Rene, I have been searching the datasheet of the LPC1768 with a fine comb.
Chapter 12 shows the ADC electrical characteristics. It show a parameter called Rvsi.
This is the actual input impedance of the ADC and is about 7.5 kOhm
In electrical terms you will get the following schematic:
Rvsi is fixed and about 7.5 kOhm.
R1 is the value of any resistor(s) between 5 volts (or 3.3 Volts) and the ADC input. The resistors in the keyboard matrix will form a variable resistance (R1) (depending on which key is pressed) and act as a voltage divider with Rvsi and will vary with the keys pressed.

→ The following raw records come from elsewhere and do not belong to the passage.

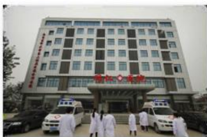
全椒同德爱心医院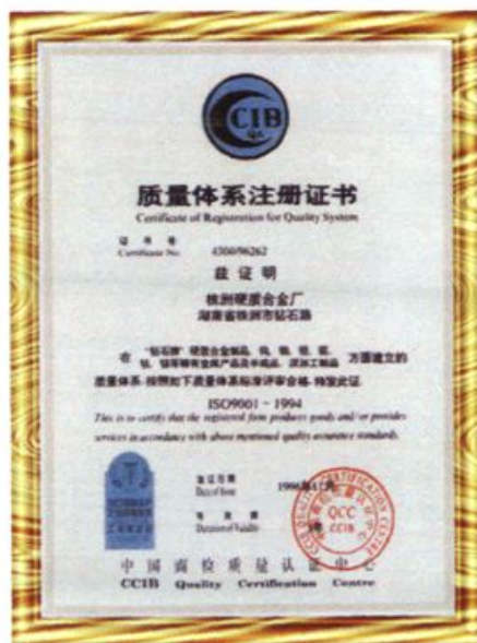
株洲硬质合金厂 1996年获得的《质量 体系注册证书》。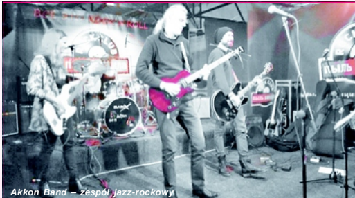
Akkon Band – zespół jazz-rockowy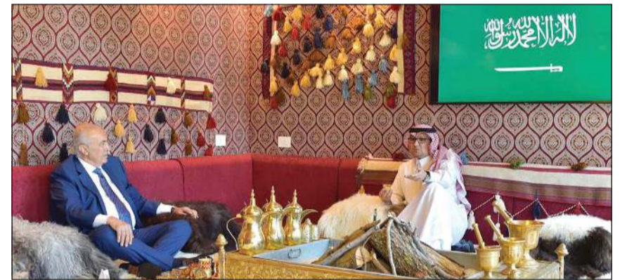
النائب فؤاد مخزومي في زيارة تضامنية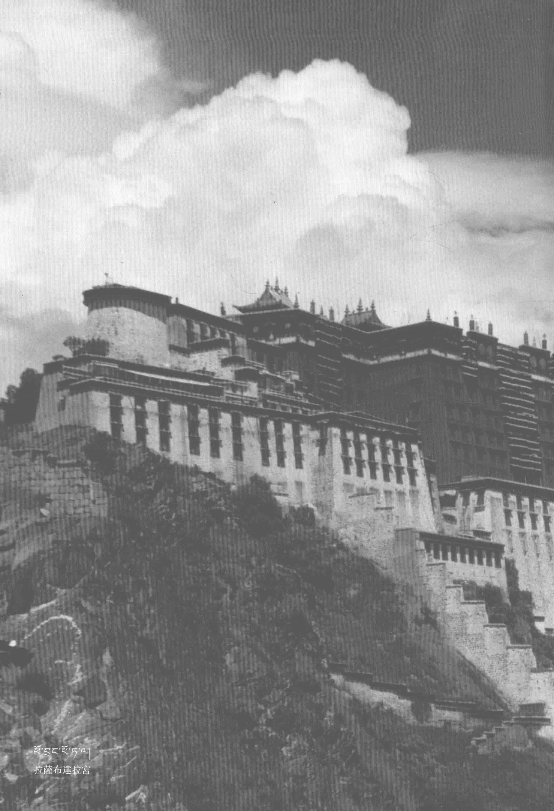
ཕོ་བླང་ཕོ་ཏུ་ལ། 拉薩布達拉宮

If (just as an example) the keys in the matrix will add up to 3 kOhm and the supply voltage is 3.3 Volt
the voltage fed to the ADC will be 7.5/(3+7.5) = 2,36 Volt.
It means that you will have to drive this input with a voltage source of at least a factor 10 smaller, meaning a 750 Ohm. That will almost force you to use an OpAmp to buffer the voltages from the keyboard, or use a capacitor at the ADC input pin to "buffer" the voltages. This capacitor has a low internal resistance and should be large enough to hold the voltage level and small enough to follow quick key presses.
Just try a C-value of 100 nF as a starter to see what happens...
Regards, Willem
I want to reduce the # of pins needed to detect keys presses from 4x3 and 4x4 keypads with 4 rows and 3 or 4 columns. On input K1 a 7 or 8 pin keypad is connected while on output K2 the pins are 1:GND; 2:Analog input pin with open collector; 3: Vout. The capacitor is used for debouncing and creates a R*C of about 50ms. The complete circuit fits on a 10x20mm PCB using SMDs.
What do you think about it? Is 22k resistor good enough to pull a pin up or down?